A King County court commissioner issued an emergency warrant on Wednesday temporarily preventing the city of Seattle from releasing records showing six Seattle police officers who attended the pro-Trump rally in Washington, DC last month, which led to a deadly siege of the US Capitol.
Supreme Court Commissioner Bradford Moore’s temporary injunction requested by the officers identified in the legal briefs as “Plaintiffs John and Jane Makes 1 through 6” halts the city’s proposed release of investigative and personnel information in response to four separate requests for public records by March 10th when a judge is to decide whether to give the officers permanent orders.
If the officers hadn’t received the order by 5:00 p.m. Thursday, Assistant Prosecutor Carolyn Boies said the city was ready to release the recordings to four people on Friday, including a KOMO news reporter, who made the recordings under the Public Records Act of the state had requested separately.
In a lawsuit filed Tuesday to seek the restraining order, all officials admitted participating in the so-called “Stop the Steal” rally on January 6, held in protest at the results of the presidential election as an exercise “Their constitutional rights” was carried out to free speech. ”
But the lawsuit and the officers’ attorney Kelly Sheridan allege none of the officers later participated in the riots at the Capitol or in any kind of wrongdoing.
The siege, which resulted in the search of the Capitol, prompted lawmakers to flee for security reasons and resulted in the deaths of five people, including a federal police officer. This resulted in an ongoing FBI investigation with arrests and charges against several defendants, including numerous Proud Boys, Oath Guards, and others with links to extremist groups.
Two days after the Capitol riot, when pictures of two local officials at the rally surfaced on social media, the Seattle Police Department ordered any officer who attended the event to report their attendance to themselves. The city’s Department and Office of Police Accountability (OPA) have since announced that six officers known to have attended the event are being investigated to determine whether they have committed or directed criminal activity Have violated department guidelines. Chief Adrian Diaz has also said he would fire any officer who committed criminal behavior in the Capitol.

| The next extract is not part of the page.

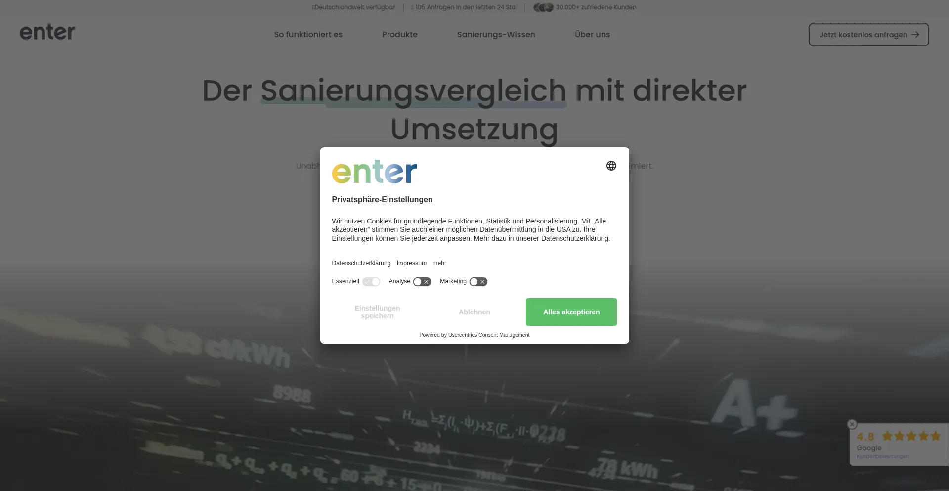 Enter ist die Plattform für energetische Sanierung: Mit einem kostenlosen Vor-Ort-Termin analysieren unabhängige Experten Ihr Haus und liefern schnell vergleichbare Angebote �...

Each of the six officers Sheridan said he himself announced his participation in the rally on Wednesday are now on leave while the investigation continues.
During the Moore hearing on Wednesday, Sheridan argued that if records of their identity were released before the internal investigation was completed, the officers would be targeted, harassed and would irreparably damage their privacy, security, reputation and constitutional rights.

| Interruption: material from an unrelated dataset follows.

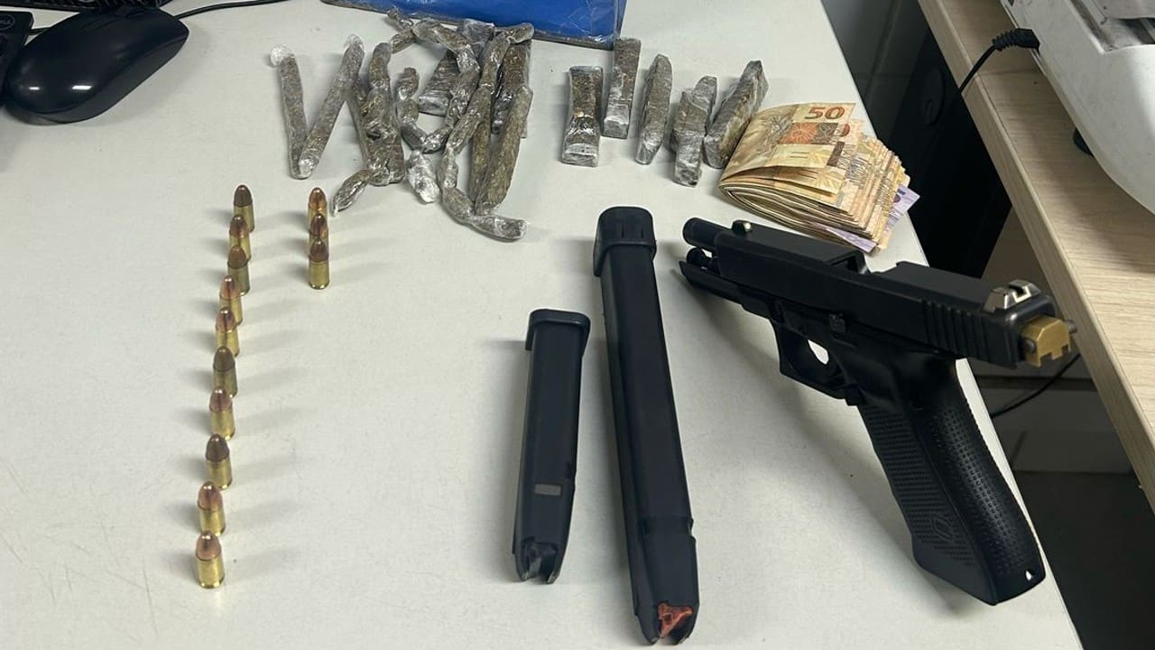 Durante a revista no veículo, foi localizada uma pistola 9mm equipada com adaptador para disparos automáticos, além de um carregador alongado com capacidade para 30 munições. Também foi encontrado um carregador sobressalente, para 17 munições. Ambos estavam com 13 munições cada. No bolso do suspeito que portava a arma, os militares apreenderam R$ 2.300 em espécie.

“If the records are released ahead of time before allegations are substantiated, they will be linked to the rioters and branded as criminals or extremists,” he said.

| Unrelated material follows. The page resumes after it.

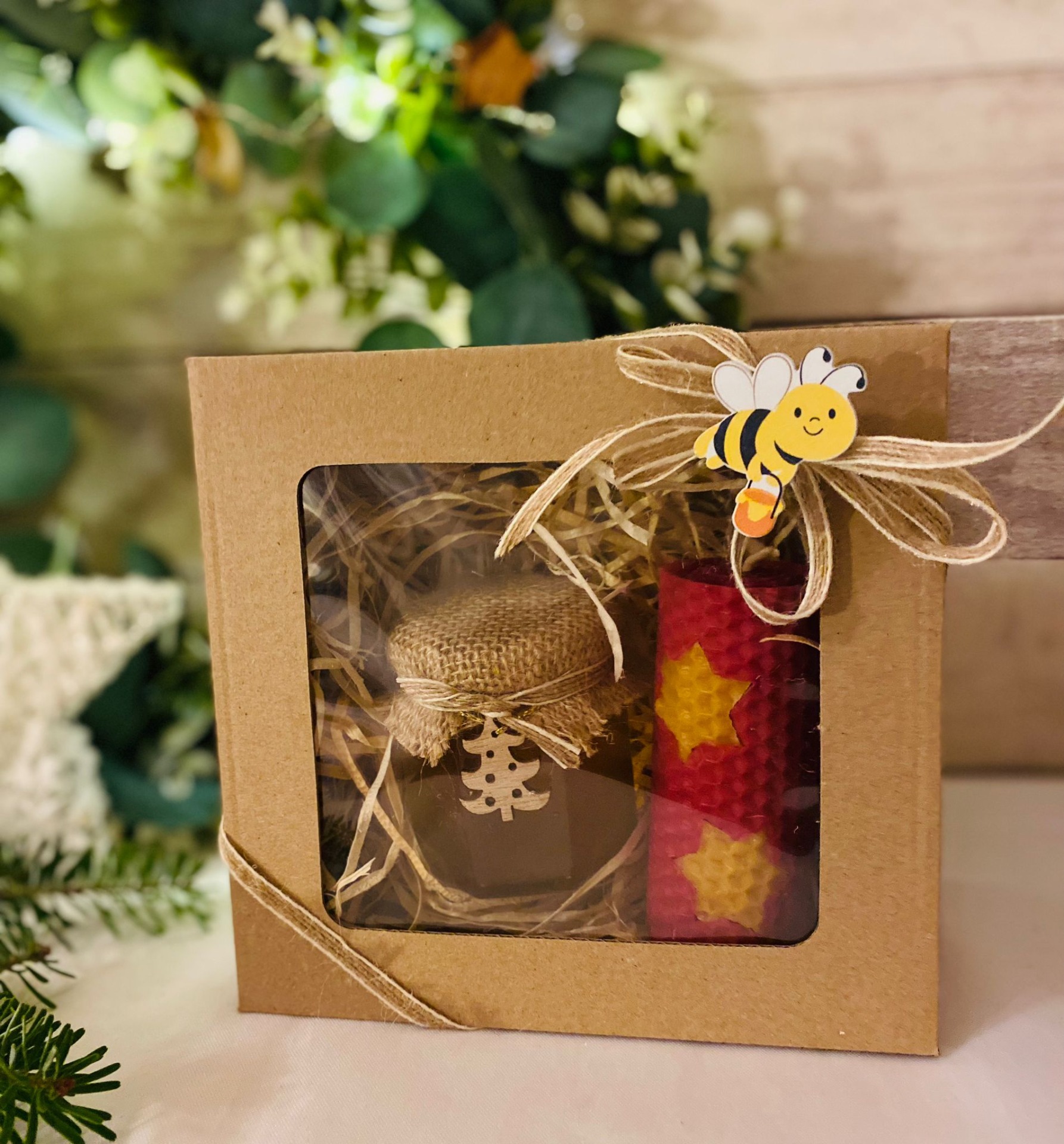 Nabízíme a případně vám vyrobíme na míru dle přání dárková balení včelích produktů vyrobených z medu, vosku, a dalších včelích doplňků

Sheridan also claimed that since the records were part of an “ongoing investigation,” they should not be disclosed under exceptions to the Records Act that prohibit the publication of records in connection with an open investigation. Until and until allegations of misconduct are proven, “there is no legitimate public interest in knowing which employees attended a political rally,” Sheridan said.
“This is not a valid application of the Public Records Act,” he added.
But Boies said some of the information sought, which identifies the officers, is not covered by the blanket open investigation exemption.
“We have to be wrong on the transparency side,” said Boies. “As far as we are concerned, we have not seen that there is any kind of controlling jurisprudence that causes the police to do anything other than fulfill the mandate of the Public Records Act.”
Noting that the officers had at least reached the threshold for a temporary injunction, Moore agreed with the points made by Sheridan that the release of the records raises potential privacy and constitutional concerns.
“The truth is that without the fact that this riot took place and the OPA tried to conduct this investigation, there would have been no record for the parties to request,” said Moore. “I think revealing people’s political affiliations when an investigation is ongoing is a really worrying problem.”
The city voluntarily passed the third party notice to officials, which is not required under Washington’s Files Act, to give them the opportunity to prevent the files from being disclosed to the four applicants: Jerome Drescher, Anne Block, Sam Sueoka and KOMO reporter Cristi Country.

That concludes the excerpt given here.